Vamos, resumiendo que expliques algo más que me has dejado a medias. 

Besos y abrazos

----------


## zarkov

> Besos y abrazos


No te hagas líos  




> Quizás deberías leer a Angelo Stagnaro. Creo que tiene algunas ideas al respecto.


Lo que he encontrado es sólo una referencia a un libro "Conspiracy". ¿Me puedes aportar algo más ?

Marco Antonio:
la afinidad, mínima, todo lo contrario. Por eso pude provocar una respuesta radical. Los signos no fueron, como diría, estándar, usé unos símbolos que pensé que podían funcionar. Un asentimiento repetido con cabeza y tronco, mirada fija de superioridad, indicación con el índice en la sien y el gesto de frotar los dedos pulgar e índice (como el qué te debo en un bar). Símbolos que tienen sentido dentro de la relación que puedo tener con esa persona. Ese es un poco el motivo del tema. ¿Qué simbología existe aplicable sin que exista un conocimiento de la persona en concreto?

----------


## Patrick I. O'Malley

Leyendo tu mensaje he ido a ver a una compañera maciza del todo. Le he mirado a los ojos, he dejado escapar un guiño, ella me ha sonreido, ambos hemos hecho gestos de 'besito' con los labios. pero cuando he hecho eso del pulgar y el índice como de dinero...... me ha arreado una bofetada de tres pares de 'eggs'. 8) 


El lenguaje corporal es, ciertamente, importantísimo. Yo suelo usar muuuuucho la mirada unida a pausas valorativas. El espectador acaba 'sintiendo' mi mirada clavada en su cara y me mira. Entonces establenzo un juego de miradas que suele desembocar en su risa (yo estoy serio como una acelga) con lo que paso a mirar al resto y acabo captando las miradas de todos los espectadores. Mientras mis manos trabajan.

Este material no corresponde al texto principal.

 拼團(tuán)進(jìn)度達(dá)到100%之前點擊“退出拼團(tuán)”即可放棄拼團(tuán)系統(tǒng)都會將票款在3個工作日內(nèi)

En cuanto a usar el lenguaje corporal para forzar o hacer creer algo.. creo que no lo he practicado, al menos conscientemente. repasaré mis rutinas y veré que encuentro.

----------


## Azran

Puede ser Banachek, no estoy muy seguro pero hay palabras, gestos, miradas, que condicionan al publico para realizar una acción o una eleccion determinada. 

PD: el otro dia quede asombrado porque la gente suele pensar los mismos  numeros, cuando lo hacen de manera involuntaria.

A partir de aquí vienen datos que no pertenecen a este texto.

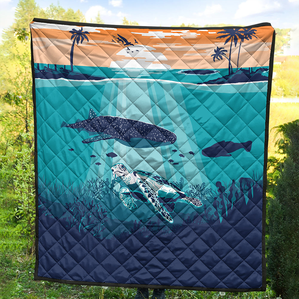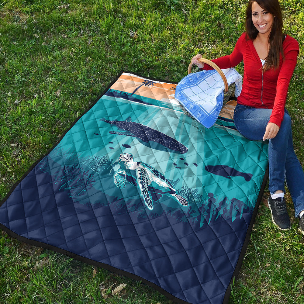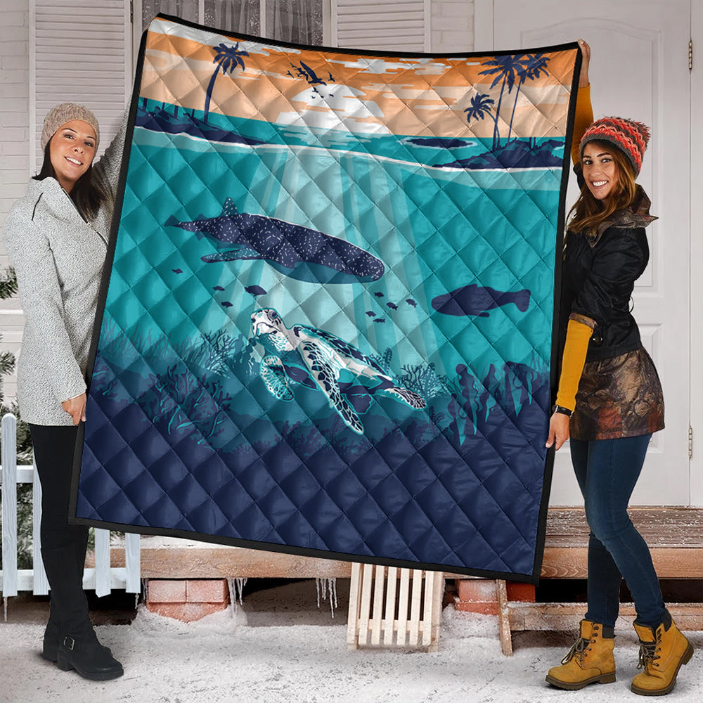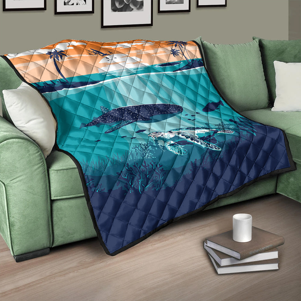 Hawaii Premium Quilt Whale And Turtle In Sunset Polynesian
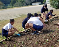 先週、業間に花壇の植え替えを行いました(集団宿泊教室に行っていた5年生は後日実施)。種から育てた花苗(パンジー・ビオラ、金魚草、なでしこ、ノースポール等)やチューリップの球根、合わせて約4,000本を最終的に定植する予定です。写真は一番広い6年生の花壇(約6坪)の様子ですが、さすが6年生。ここだけでも400本はある花苗を手際よく植えていました。目指すは「玉東町のハウステンボス」。6年生の卒業式や新入生の入学式をいっぱいの花に囲まれてできたらいいなと思っています。
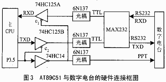 系统采用异步串行通信方式传输测量数据。利用单片机串口与数字电台RS232数据口相连。电台常态为收状态(PPT=0,收状态;PPT=1,发状态),单片机P3.5脚输出高电平。单片机使用TTL电平,电台使用RS232电平,由MAX232完成TTL电平与RS232电平之间的转换。3片光电耦合器6N137实现单片机与电台之间的电源隔离,增强系统抗干扰性能。
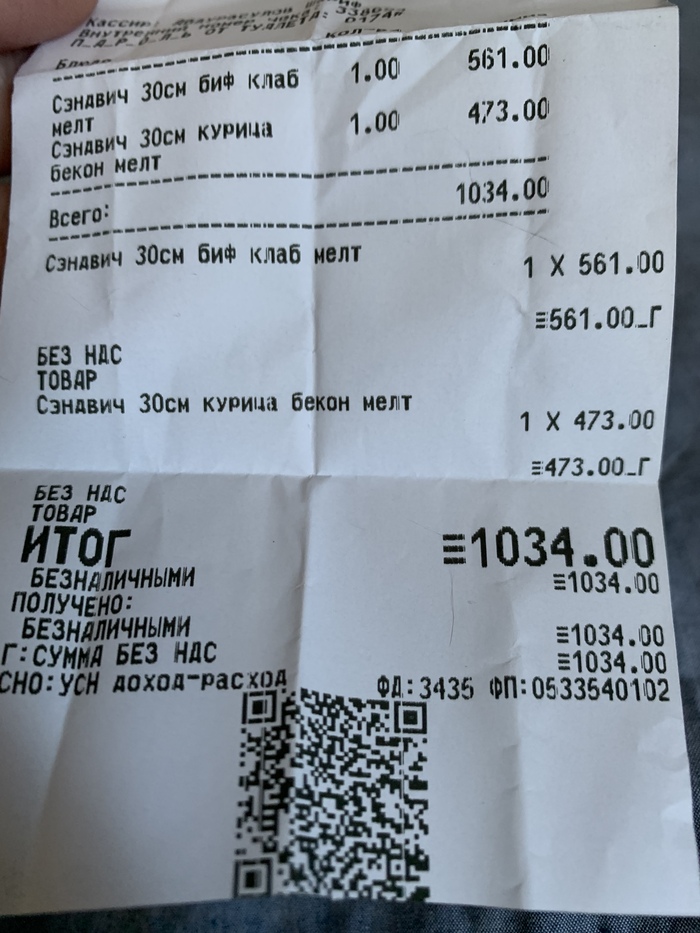 Возжелалось мне нынче позавтракать сабом из Subway, раз уж Макдаки и иже с ними нас покинули. Идти влом - захожу в Яндекс.Еду, смотрю, чо как. Бля, думаю, чо ж пиздец как дорого-то сабы стали стоить, да доставка еще, ваще жесть. Это, кстати, скрин с вот сейчас, а в 14 часов биф клаб мелт стоил 695, я четко это помню, отметила в голове, что почти 700.

Piensa un numero del uno al 10.
piensa otro.
otro mas.

La mayoria de la gente piensa, el 7 el 3 y luego el 5.

----------


## Manolo Talman

Eso precisamente se llama PNL (programacion neurolinguistica) Derren Brown tiene algunos efectos con ello, uno de ello la adivinacion de una carta pensada "sin mas", claro que hay posibilidad de fallo, pero de 10 veces 8 y media sale... 

El poder de la palabra y el subconsciente es una combinacion explosiva  :Wink1:  
para mas info el libro de Derren Brown "pure effect"

----------


## zarkov

Esto me pasa por preguntar. Se abrió el abanico.

Unos enlaces a vuela pluma de lo que indica Manolo Talman (gracias).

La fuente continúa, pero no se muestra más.